Amidst The Sand - Chapter 18 Beautiful Fools 1213
My soldiers charged, were stricken down, retreated, and advanced once more. The gruesome dance of battle, whose victims remained lying on the ground with wide, broken eyes. Tar covered their arrow-stricken bodies as their flesh was put aflame in mockery. The stench travelled over the plains and would likely be detectable till days after the fact.
They burned. They burned and I quivered.
“Your majesty!” I turned to see Auguste ducking a shot. The broad-shouldered man hauled himself down beside me, “you are hurt.”
“I am well,” I tried to shift away, so my strained expression might be less in sight.
“You should fall back. Why did you take of your helmet?”
“No,” I involuntarily glanced towards the fallen men upon the grass.
“You are wounded.”
“I am fine!”
“It remains dangerous if not cared for properly!”

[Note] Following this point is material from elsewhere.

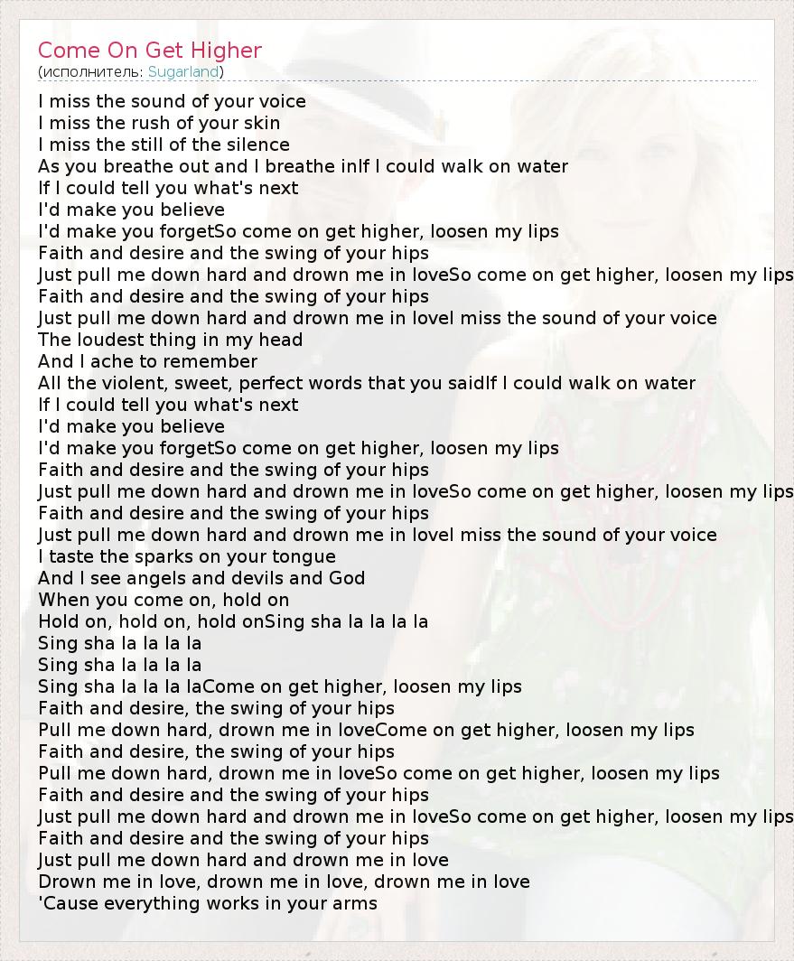 I miss the sound of your voice I miss the rush of your skin I miss the still of the silence As you breathe out and I breathe inIf I could walk on water If I could tell you what's next I'd make you believe I'd make you forgetSo come on get higher, loosen my lips Faith and desire and the swing of your hips Just pull me down hard and drown me in loveSo come on get higher, loosen my lips Faith and desire and the swing of your hips Just pull me down hard and drown me in loveI miss the sound of your voice The loudest thing in my head And I ache to remember All the violent, sweet, perfect words that you saidIf I could walk on water If I could tell you what's next I'd make you believe I'd make you forgetSo come on get higher, loosen my lips Faith and desire and the swing of your hips Just pull me down hard and drown me in loveSo come on get higher, loosen my lips Faith and desire and the swing of your hips Just pull me down hard and drown me in loveI miss the sound of your voice I taste the sparks on your tongue And I see angels and devils and God When you come on, hold on Hold on, hold on, hold onSing sha la la la la Sing sha la la la la Sing sha la la la la Sing sha la la la laCome on get higher, loosen my lips Faith and desire, the swing of your hips Pull me down hard, drown me in loveCome on get higher, loosen my lips Faith and desire, the swing of your hips Pull me down hard, drown me in loveSo come on get higher, loosen my lips Faith and desire and the swing of your hips Just pull me down hard and drown me in loveSo come on get higher, loosen my lips Faith and desire and the swing of your hips Just pull me down hard and drown me in love Drown me in love, drown me in love, drown me in love 'Cause everything works in your arms

I hiccuped, swallowed heavily and scoffed, though my voice wavered, “I can still yield my sword and ride should the need arise. I am able to give orders until the battle ends.”
Auguste shook his head. “You will pass out, I’ve seen it before. Do you still bleed?”
“Auguste, enough.”
“Your majesty!”
An arrow hit the statue above us, the claw of the stone lion mangling into jagged chunks. Auguste pulled me by my arms and pushed my back fully against the statue, “stay here.”
“What are ”
“Stay here and put the goddamn helmet back on!”

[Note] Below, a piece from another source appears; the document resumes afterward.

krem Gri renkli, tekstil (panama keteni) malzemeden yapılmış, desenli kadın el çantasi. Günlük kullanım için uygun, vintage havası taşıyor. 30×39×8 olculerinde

However, I moved away before the man may protest. I ran along the vegetation and into the regiment lines hiding behind an uneven low mount in the terrain. The cut stabbed in protest at any movement but I paid it no heed as I looked for Phillip and Louis among the men.
A soldier fell onto my path, spots of red forming on his upper thigh, where an arrow was buried up to the feathers. I darted around him almost apologetically, as I was unable to help him.
“Phillip!” I said as I spotted my second in command, “what of the advance?”
A hand pushed hard against my wound, making me cry out. I turned to see Auguste with a hump of fabric – the severed ensign of his massive spear – pressed against my shoulder, preventing any continuous flow of blood. I frowned but Auguste solely glared back, holding his hand persistently over the wound.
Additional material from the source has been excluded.